- Born: September 29, 1915
- Died: July 1, 2004 (aged 88)
- Known for: Work with LSD and other psychedelic drugs, psychedelic-assisted psychotherapy

= Betty Eisner =

American psychologist (1915–2004)

Betty Grover Eisner (September 29, 1915 – July 1, 2004) was an American psychologist known for pioneering the use of LSD and other psychedelic drugs as adjuncts to psychotherapy.

== Early life and education ==
Eisner grew up in Kansas City, Missouri, where she graduated from the Sunset Hill School in 1933. She earned her undergraduate degree in political science from Stanford University in 1937. During World War II, she served as a Red Cross volunteer. After the war, she traveled across Europe, an experience she documented in a series of letters to the Los Angeles Times. After returning to the U.S., she earned a Ph.D. in clinical psychology from the University of California, Los Angeles.

== Professional life ==
Eisner conducted psychotherapy research, first with Sidney Cohen at the Neuropsychiatric Hospital Veterans Administration Center in Los Angeles and, later, from her private practice in Los Angeles. Eisner authored a book, The Unused Potential of Marriage and Sex, which was published in 1970. She also helped found The School for Learning, which taught English in Mexico. In the 1990s, she maintained a private practice in Santa Monica, California, occasionally publishing articles on psychotherapy and serving on the board of advisors for the Albert Hofmann Foundation. In 2002, Eisner wrote an unpublished autobiographical account of her career entitled Remembrances of LSD Therapy Past.

== LSD research ==
Throughout her career, Eisner had made significant contributions to the field of psychedelic research. She conducted early research into the use of LSD to treat alcoholism and maintained an active interest in hallucinogens throughout her career. Along with Sidney Cohen, Eisner appears to have originated the practice of using simultaneous male and female therapists or researchers during human hallucinogen administration. Eisner was a therapist for Bill Wilson, co-founder of Alcoholics Anonymous, when he tried LSD. In addition to using hallucinogens like LSD and mescaline in psychedelic therapy, Eisner also gave stimulants such as methylphenidate and the inhaled gas mixture carbogen to her patients.
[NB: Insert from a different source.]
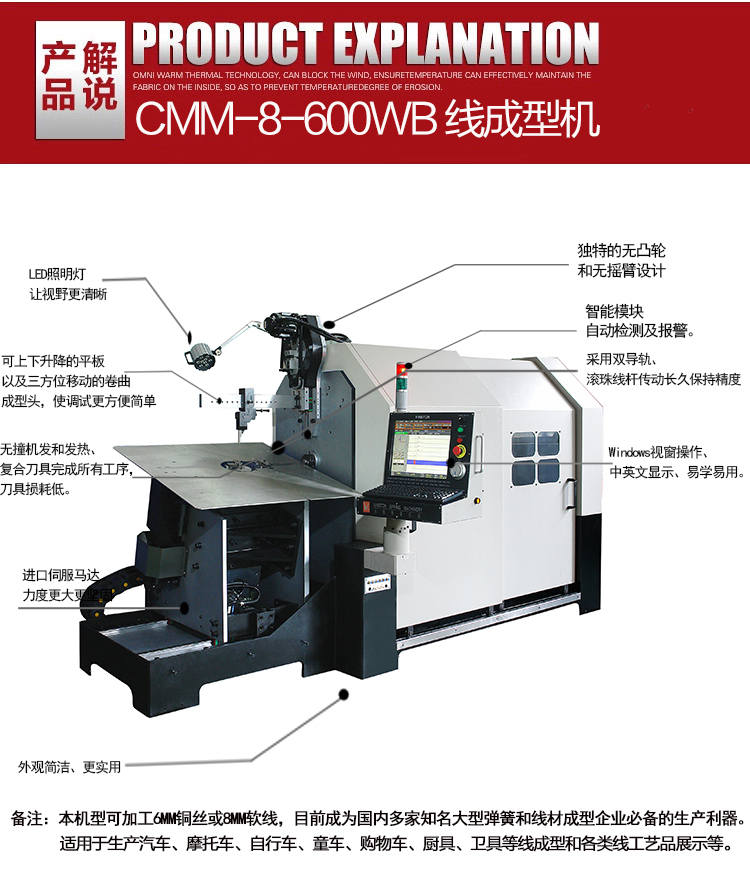 此次參展,東莞永騰自動化設(shè)備有限公司帶來的設(shè)備有CMM-8-600WB八軸多功能線材成型機、CMM-12-236R轉(zhuǎn)線機、CMM-12-450R轉(zhuǎn)線機,其中CMM-8-600WB八軸多功能線材成型機為此次展品的重頭戲。本機全部采用雙導(dǎo)軌滾珠絲桿傳動,以保證精度和力度。它可以加工4毫米鋼絲或6毫米軟線,目前成為國內(nèi)多家知名大型彈簧和線材成型企業(yè)必備的生產(chǎn)利器。無撞機發(fā)和發(fā)熱、復(fù)合刀具完成所有工序,刀具損耗低。智能模塊,還可以自動檢測及報警。Windows視窗操作、中英文顯示、易學(xué)易用。該設(shè)備適用生產(chǎn)汽車,摩托車,自行車,童車,購物車,廚具以及各類線成型工藝品展示架等。

However, Eisner's interest in finding new tools for psychotherapy was not limited to drugs. Eisner was particularly focused on extra-pharmacological variables that she felt influenced outcome of psychotherapeutic sessions. She considered the specific individuals present as an important variable in therapeutic outcome and sometimes conducted sessions in group settings. Some of these group sessions included "encounter group"-style expression and body work. Eisner also described the psychotherapeutic importance of a variable she called 'matrix.' This term encompassed the everyday living space and larger social context in which the patient lived and returned to between sessions.

Betty Eisner's publications and personal correspondence are archived at Stanford University.